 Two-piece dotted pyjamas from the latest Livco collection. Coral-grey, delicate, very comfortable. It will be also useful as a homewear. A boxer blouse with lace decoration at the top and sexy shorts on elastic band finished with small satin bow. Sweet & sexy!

...

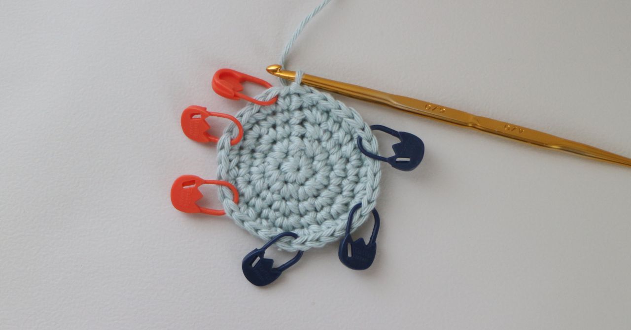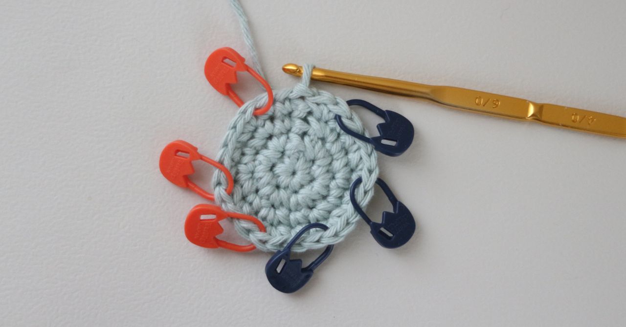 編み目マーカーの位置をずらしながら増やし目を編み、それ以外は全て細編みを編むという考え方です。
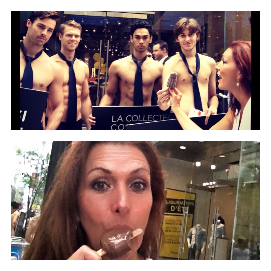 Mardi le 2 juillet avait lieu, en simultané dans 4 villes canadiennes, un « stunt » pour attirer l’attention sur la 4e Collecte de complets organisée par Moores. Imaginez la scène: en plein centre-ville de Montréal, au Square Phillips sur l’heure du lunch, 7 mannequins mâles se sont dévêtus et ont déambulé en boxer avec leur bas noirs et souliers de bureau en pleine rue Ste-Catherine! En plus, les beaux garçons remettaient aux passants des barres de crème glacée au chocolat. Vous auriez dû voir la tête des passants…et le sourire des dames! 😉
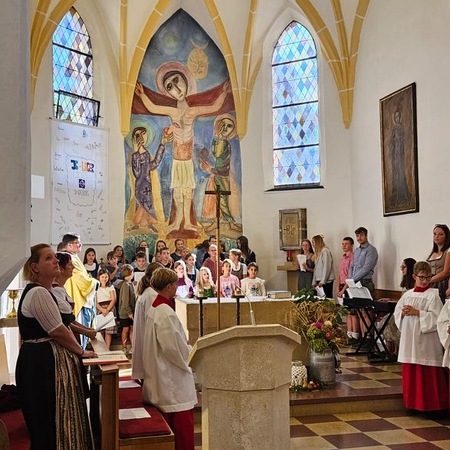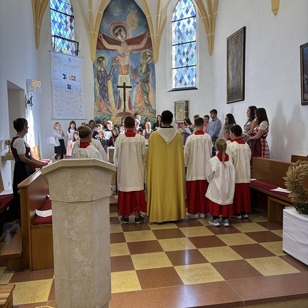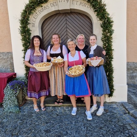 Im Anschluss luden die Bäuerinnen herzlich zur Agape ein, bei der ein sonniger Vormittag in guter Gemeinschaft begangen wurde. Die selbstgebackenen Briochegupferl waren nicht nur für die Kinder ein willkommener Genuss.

==

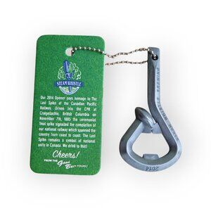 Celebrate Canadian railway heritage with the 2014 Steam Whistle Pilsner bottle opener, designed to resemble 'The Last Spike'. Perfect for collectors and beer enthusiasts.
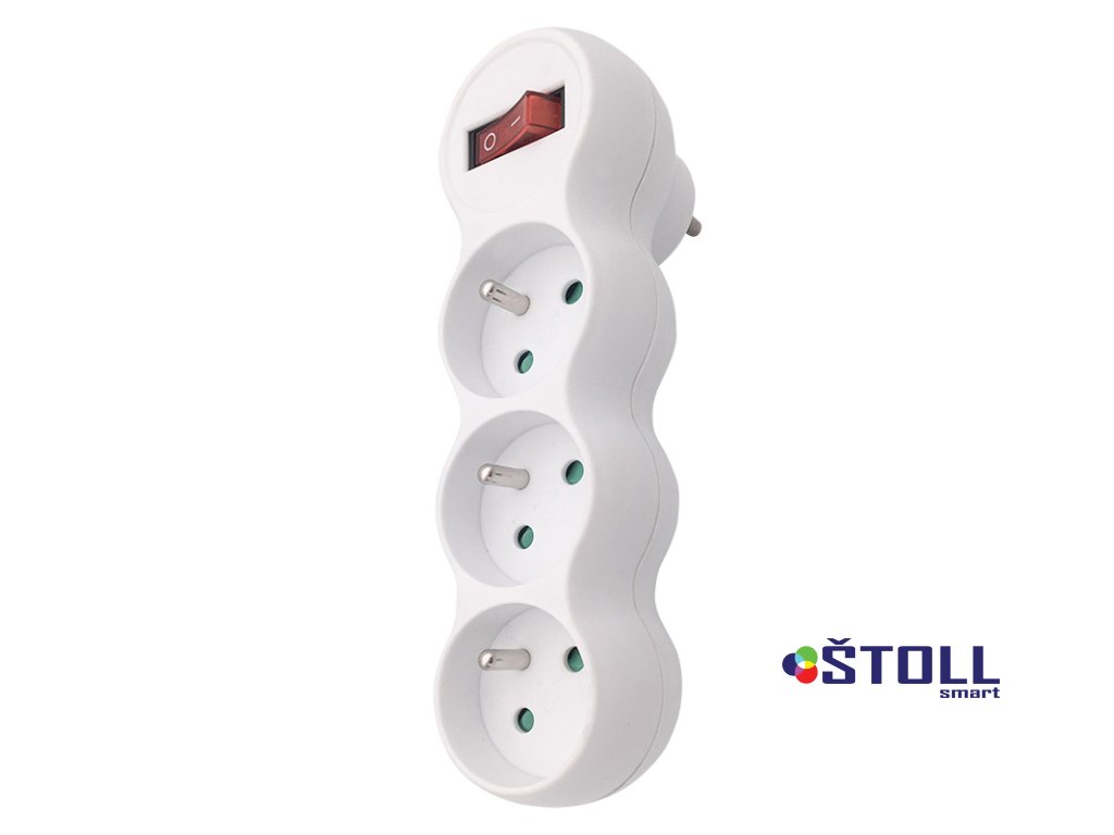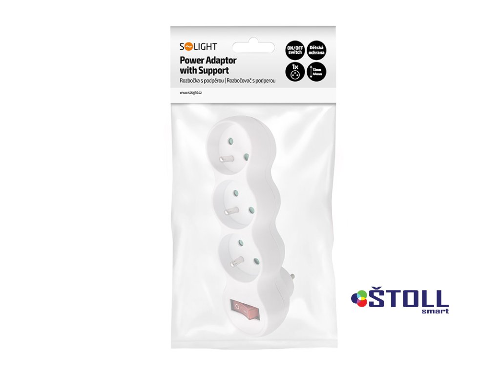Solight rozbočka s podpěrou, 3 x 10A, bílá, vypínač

About this task:
The answer should consist only of the lines above from the one with "編み目マーカーの位置をずらし" through the one with "Im Anschluss luden", repeated exactly, with no pictures among them.

Response:
 編み目マーカーの位置をずらしながら増やし目を編み、それ以外は全て細編みを編むという考え方です。
 Mardi le 2 juillet avait lieu, en simultané dans 4 villes canadiennes, un « stunt » pour attirer l’attention sur la 4e Collecte de complets organisée par Moores. Imaginez la scène: en plein centre-ville de Montréal, au Square Phillips sur l’heure du lunch, 7 mannequins mâles se sont dévêtus et ont déambulé en boxer avec leur bas noirs et souliers de bureau en pleine rue Ste-Catherine! En plus, les beaux garçons remettaient aux passants des barres de crème glacée au chocolat. Vous auriez dû voir la tête des passants…et le sourire des dames! 😉
 Im Anschluss luden die Bäuerinnen herzlich zur Agape ein, bei der ein sonniger Vormittag in guter Gemeinschaft begangen wurde. Die selbstgebackenen Briochegupferl waren nicht nur für die Kinder ein willkommener Genuss.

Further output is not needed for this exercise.